Thus reads will be mapped as if they are single-end sequenced despite actually
being paired end. 

FastQ files have the format:
```{eval=FALSE}
>ReadID
READ SEQUENCE
+
SEQUENCING QUALITY SCORES
```

### BAM

BAM file format stores mapped reads in a standard and efficient manner. The 
human-readable version is called a SAM file, while the BAM file is the highly
compressed version. BAM/SAM files contain a header which typically includes  
information on the sample preparation, sequencing and mapping; and a tab-separated row for each individual alignment of each read. 

Alignment rows employ a standard format with the following columns:

(1) QNAME : read name (generally will include UMI barcode if applicable)

(2) FLAG : number tag indicating the "type" of alignment, [link](https://broadinstitute.github.io/picard/explain-flags.html) to explanation of all possible "types"

(3) RNAME : reference sequence name (i.e. chromosome read is mapped to).

(4) POS : leftmost mapping position

(5) MAPQ : Mapping quality

(6) CIGAR : string indicating the matching/mismatching parts of the read (may include soft-clipping).

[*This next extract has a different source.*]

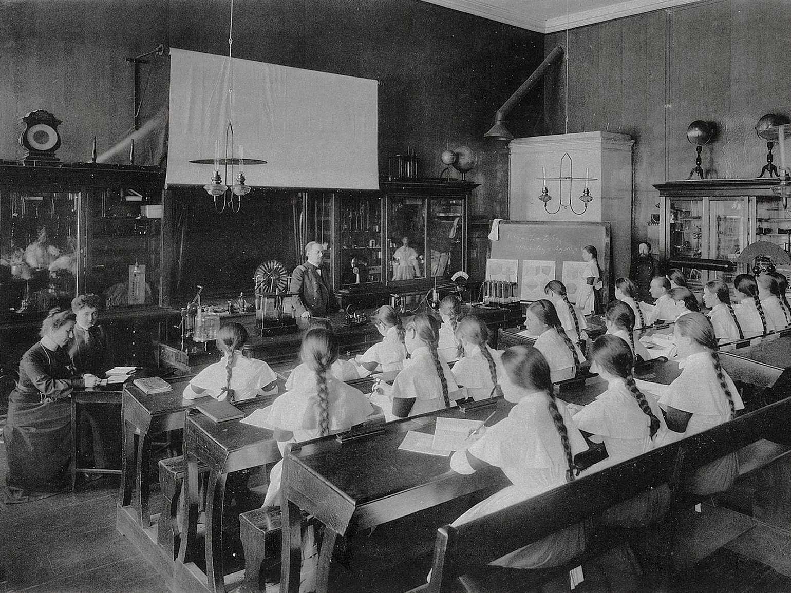 Урок физики, Смольный институт, 1905 годФото: «Императорское воспитательное общество благородных девиц в Смольном в Петербурге» / Товарищество Р. Голике и А. Вильборг / РНБ / НЭБ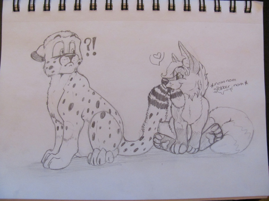 OKay another little gifty for the Eep cat -cheetahjab- My sona omnoming his tail.... I think she may of slobbered a bit much on that tail....

(7) RNEXT : reference name of the mate/next read

(8) PNEXT : POS for mate/next read

(9) TLEN : Template length (length of reference region the read is mapped to)

(10) SEQ : read sequence

(11) QUAL : read quality

BAM/SAM files can be converted to the other format using 'samtools':

```{bash, eval=FALSE}
samtools view -S -b file.sam > file.bam
samtools view -h file.bam > file.sam
```

Some sequencing facilities will automatically map your reads to the a standard 
genome and deliver either BAM or CRAM formatted files. Generally they will not 
have included ERCC sequences in the genome thus no ERCC reads will be mapped in
the BAM/CRAM file. To quantify ERCCs (or any other genetic alterations) or if 
you just want to use a different alignment algorithm than whatever is in the 
generic pipeline (often outdated), then you will need to convert the BAM/CRAM 
files back to FastQs:

BAM files can be converted to FastQ using bedtools. To ensure a single copy for
multi-mapping reads first sort by read name and remove secondary alignments
using samtools. [Picard](https://broadinstitute.github.io/picard/index.html) 
also contains a method for converting BAM to FastQ files. 

```{bash, eval=FALSE}
# sort reads by name
samtools sort -n original.bam -o sorted_by_name.bam
# remove secondary alignments
samtools view -b -F 256 sorted_by_name.bam -o primary_alignment_only.bam
# convert to fastq
bedtools bamtofastq -i primary_alignment_only.bam -fq read1.fq -fq2 read2.fq
```
### CRAM

[CRAM](https://www.ebi.ac.uk/ena/software/cram-usage) files are similar to BAM files only they contain information in the header 
to the reference genome used in the mapping in the header. This allow the bases
in each read that are identical to the reference to be further compressed. CRAM
also supports some lossy data compression approaches to further optimize storage
compared to BAMs. CRAMs are mainly used by the Sanger/EBI sequencing facility.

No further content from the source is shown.